**Exercise instructions**
The line with "Pachico AHD е" marks the first line to copy, and the line with "2024年7月14日,重庆人" marks the last. Transcribe that stretch of the data below exactly, without pictures.

Segment Start: Extracted entries

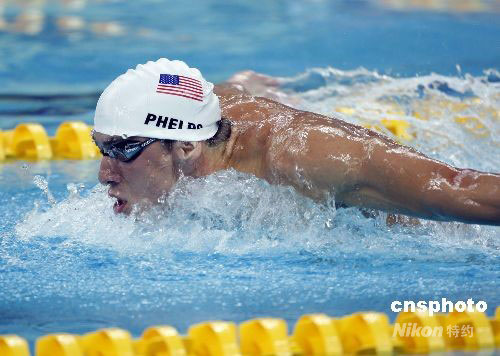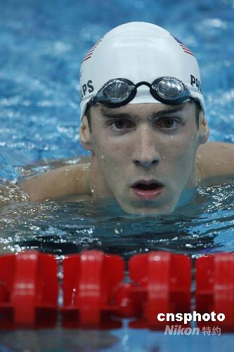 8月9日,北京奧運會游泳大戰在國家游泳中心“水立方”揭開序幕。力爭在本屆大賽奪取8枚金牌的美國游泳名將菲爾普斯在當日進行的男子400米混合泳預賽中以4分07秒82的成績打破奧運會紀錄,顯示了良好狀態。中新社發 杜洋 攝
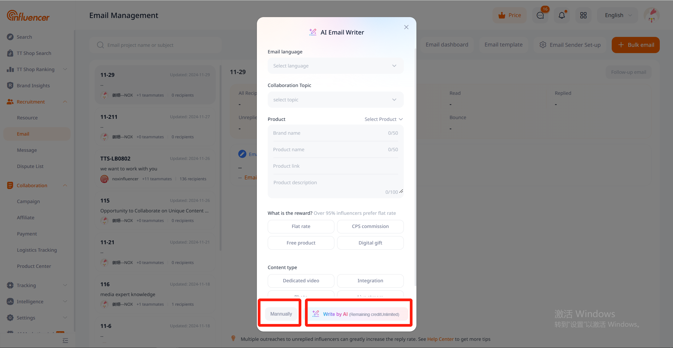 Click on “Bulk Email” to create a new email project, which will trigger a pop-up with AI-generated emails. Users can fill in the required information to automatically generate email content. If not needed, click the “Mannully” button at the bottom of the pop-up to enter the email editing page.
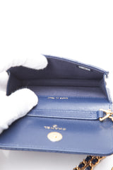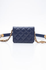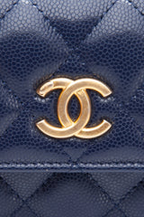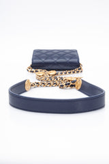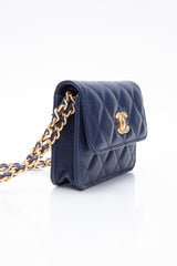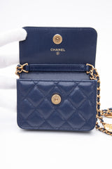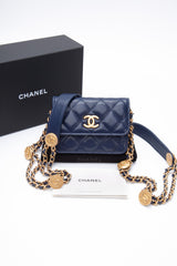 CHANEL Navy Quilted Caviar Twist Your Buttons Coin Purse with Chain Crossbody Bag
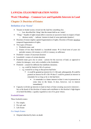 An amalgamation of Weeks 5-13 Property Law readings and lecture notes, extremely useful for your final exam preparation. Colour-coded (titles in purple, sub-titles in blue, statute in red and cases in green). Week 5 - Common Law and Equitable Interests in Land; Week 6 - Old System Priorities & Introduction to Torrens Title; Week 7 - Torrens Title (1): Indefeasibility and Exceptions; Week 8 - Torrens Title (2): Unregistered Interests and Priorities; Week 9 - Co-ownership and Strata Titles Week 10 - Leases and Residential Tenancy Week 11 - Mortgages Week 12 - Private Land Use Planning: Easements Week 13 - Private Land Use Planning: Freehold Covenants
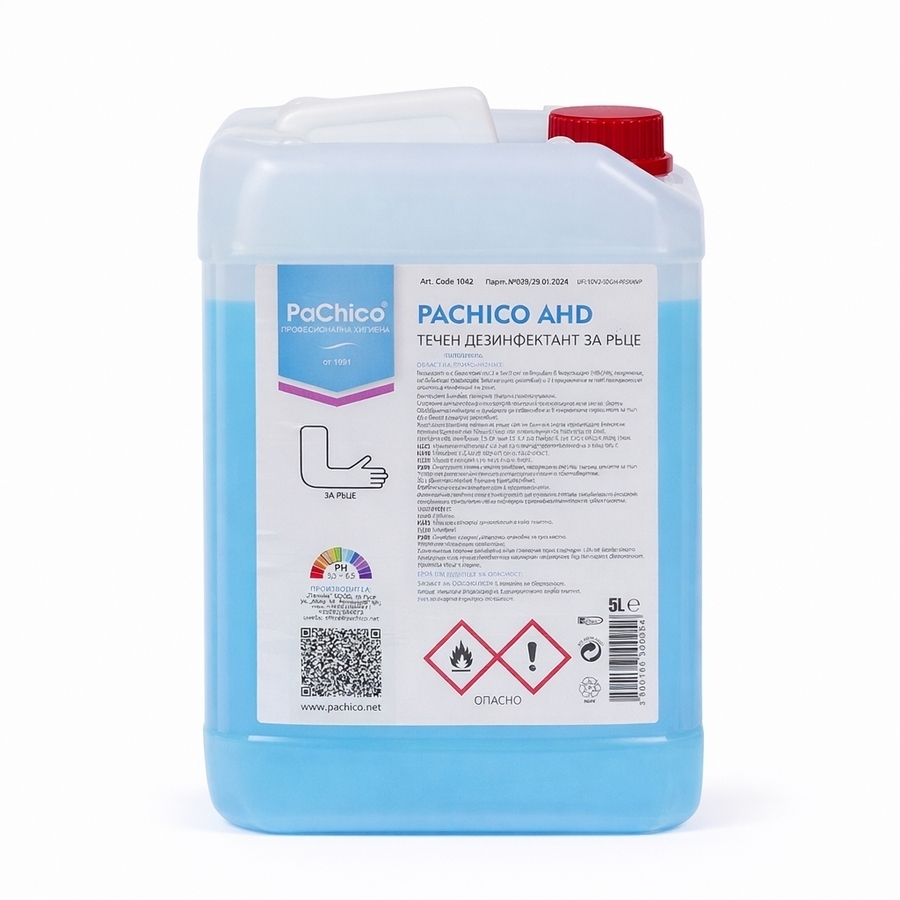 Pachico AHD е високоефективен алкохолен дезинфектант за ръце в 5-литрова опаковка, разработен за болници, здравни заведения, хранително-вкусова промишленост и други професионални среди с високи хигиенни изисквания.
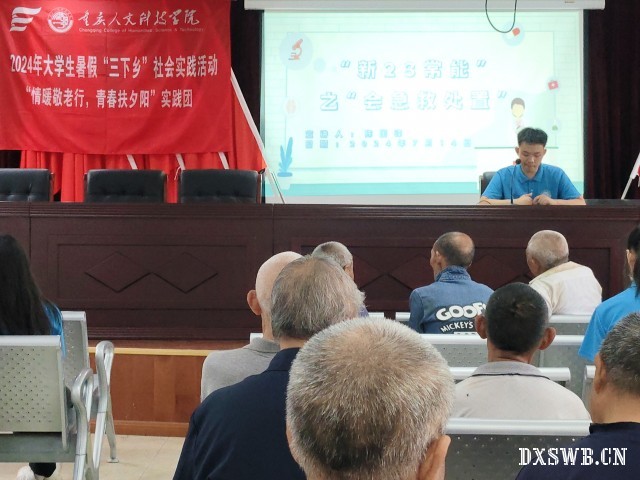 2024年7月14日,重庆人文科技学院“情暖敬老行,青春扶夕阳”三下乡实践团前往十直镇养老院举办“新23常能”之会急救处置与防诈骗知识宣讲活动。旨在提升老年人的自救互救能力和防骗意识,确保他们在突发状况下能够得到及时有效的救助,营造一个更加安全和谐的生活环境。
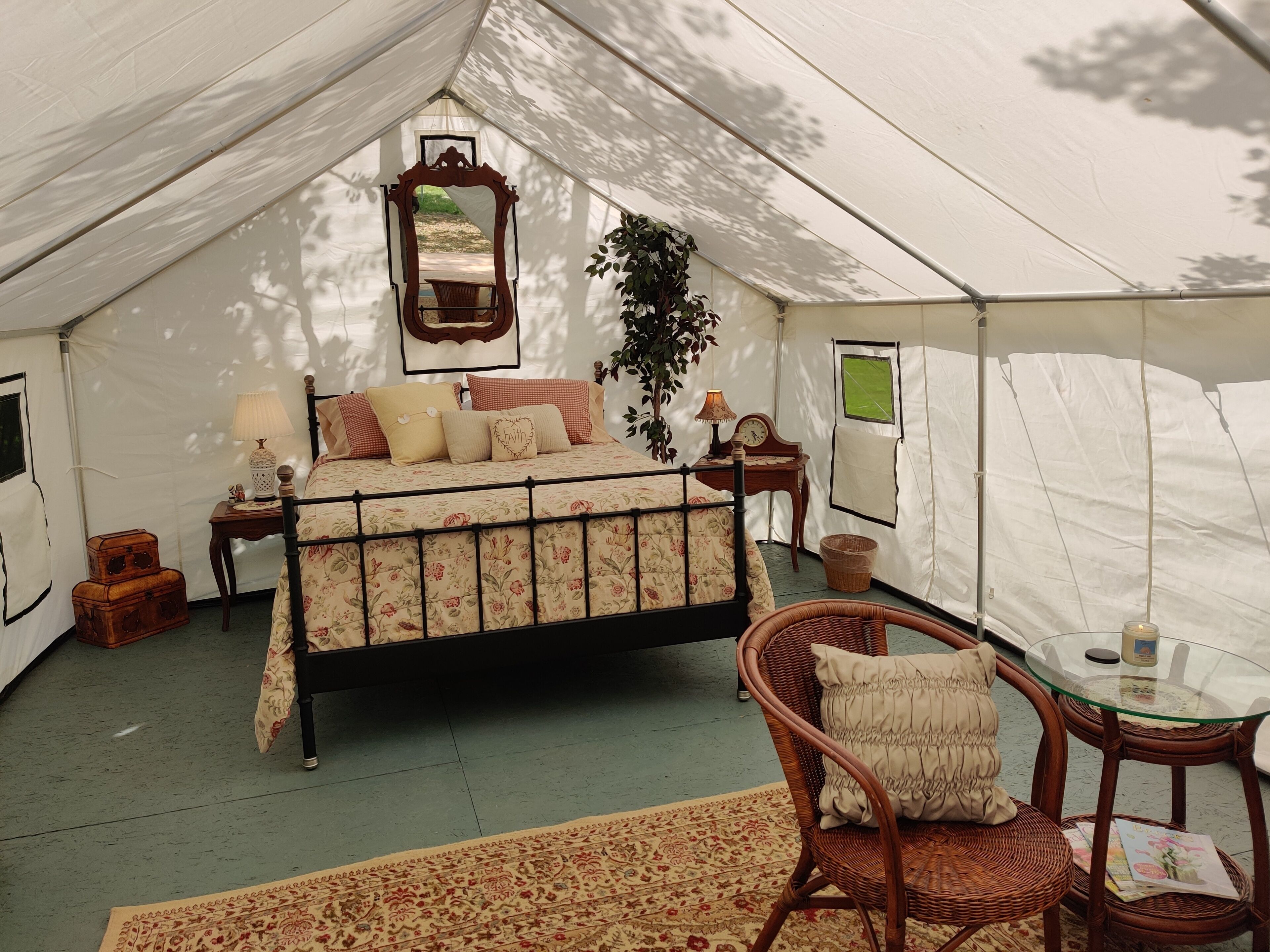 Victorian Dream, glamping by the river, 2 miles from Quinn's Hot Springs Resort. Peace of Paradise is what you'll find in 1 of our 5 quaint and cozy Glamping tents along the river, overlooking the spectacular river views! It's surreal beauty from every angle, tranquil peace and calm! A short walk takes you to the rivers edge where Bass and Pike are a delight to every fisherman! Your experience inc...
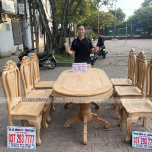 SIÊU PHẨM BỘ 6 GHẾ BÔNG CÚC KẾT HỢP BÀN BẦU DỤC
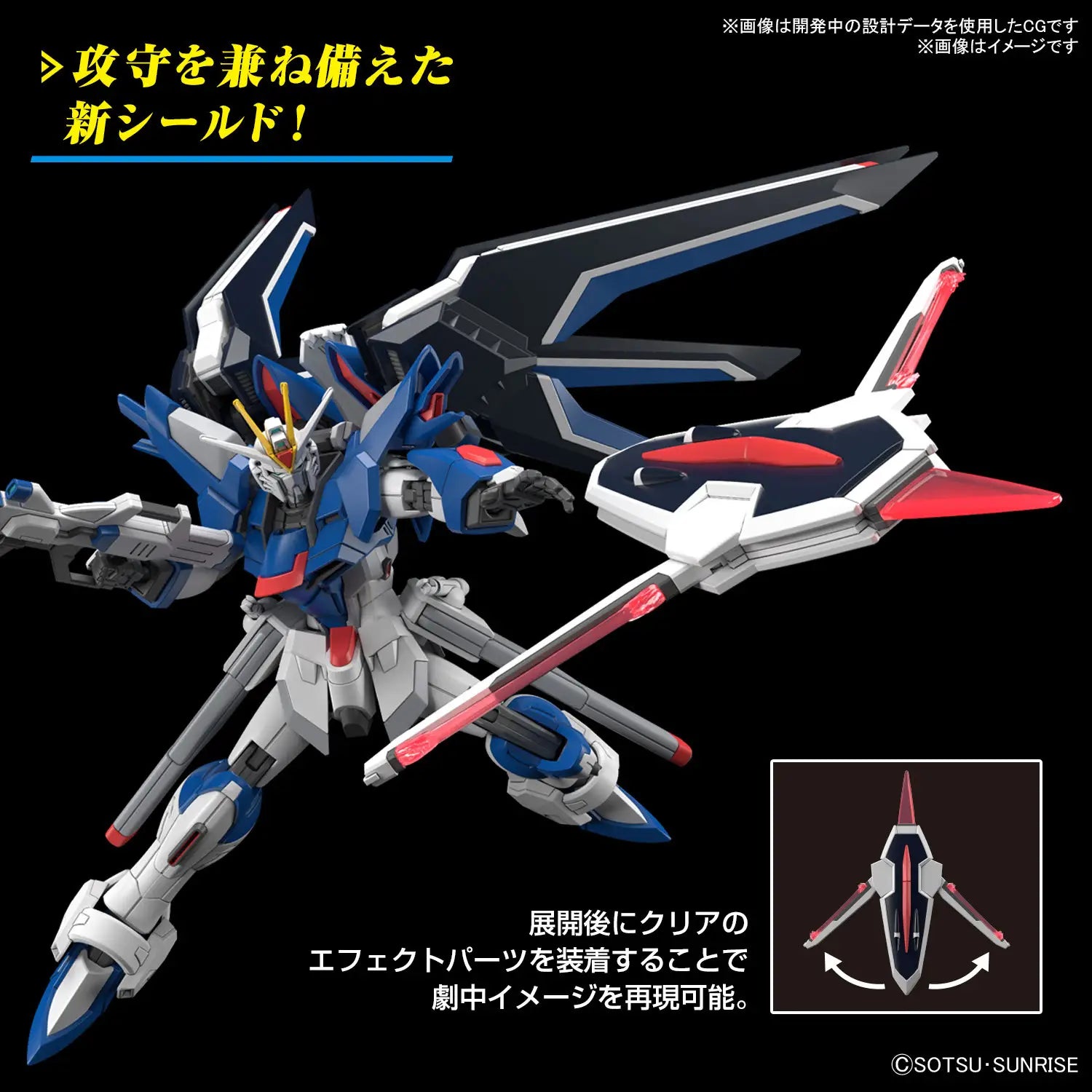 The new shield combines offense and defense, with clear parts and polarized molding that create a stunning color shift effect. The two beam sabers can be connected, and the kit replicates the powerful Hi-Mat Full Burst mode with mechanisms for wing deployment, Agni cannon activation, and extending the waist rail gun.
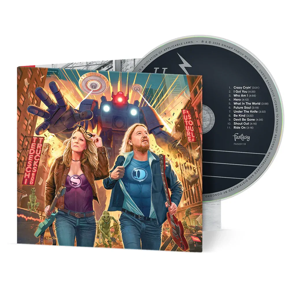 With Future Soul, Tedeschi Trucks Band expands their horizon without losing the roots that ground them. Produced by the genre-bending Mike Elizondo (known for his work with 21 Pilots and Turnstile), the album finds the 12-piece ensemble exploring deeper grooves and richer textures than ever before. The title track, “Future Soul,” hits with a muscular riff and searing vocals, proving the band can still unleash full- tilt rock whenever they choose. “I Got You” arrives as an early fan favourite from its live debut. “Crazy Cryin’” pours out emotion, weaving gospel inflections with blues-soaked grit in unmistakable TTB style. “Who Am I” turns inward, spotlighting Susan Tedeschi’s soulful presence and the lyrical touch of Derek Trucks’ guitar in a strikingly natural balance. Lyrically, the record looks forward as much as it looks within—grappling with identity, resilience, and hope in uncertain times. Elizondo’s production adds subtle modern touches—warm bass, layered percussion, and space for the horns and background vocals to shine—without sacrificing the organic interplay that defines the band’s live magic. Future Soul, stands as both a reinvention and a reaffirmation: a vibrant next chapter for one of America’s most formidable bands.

Segment End: Extracted entries

**Result of this task**
 Pachico AHD е високоефективен алкохолен дезинфектант за ръце в 5-литрова опаковка, разработен за болници, здравни заведения, хранително-вкусова промишленост и други професионални среди с високи хигиенни изисквания.
 2024年7月14日,重庆人文科技学院“情暖敬老行,青春扶夕阳”三下乡实践团前往十直镇养老院举办“新23常能”之会急救处置与防诈骗知识宣讲活动。旨在提升老年人的自救互救能力和防骗意识,确保他们在突发状况下能够得到及时有效的救助,营造一个更加安全和谐的生活环境。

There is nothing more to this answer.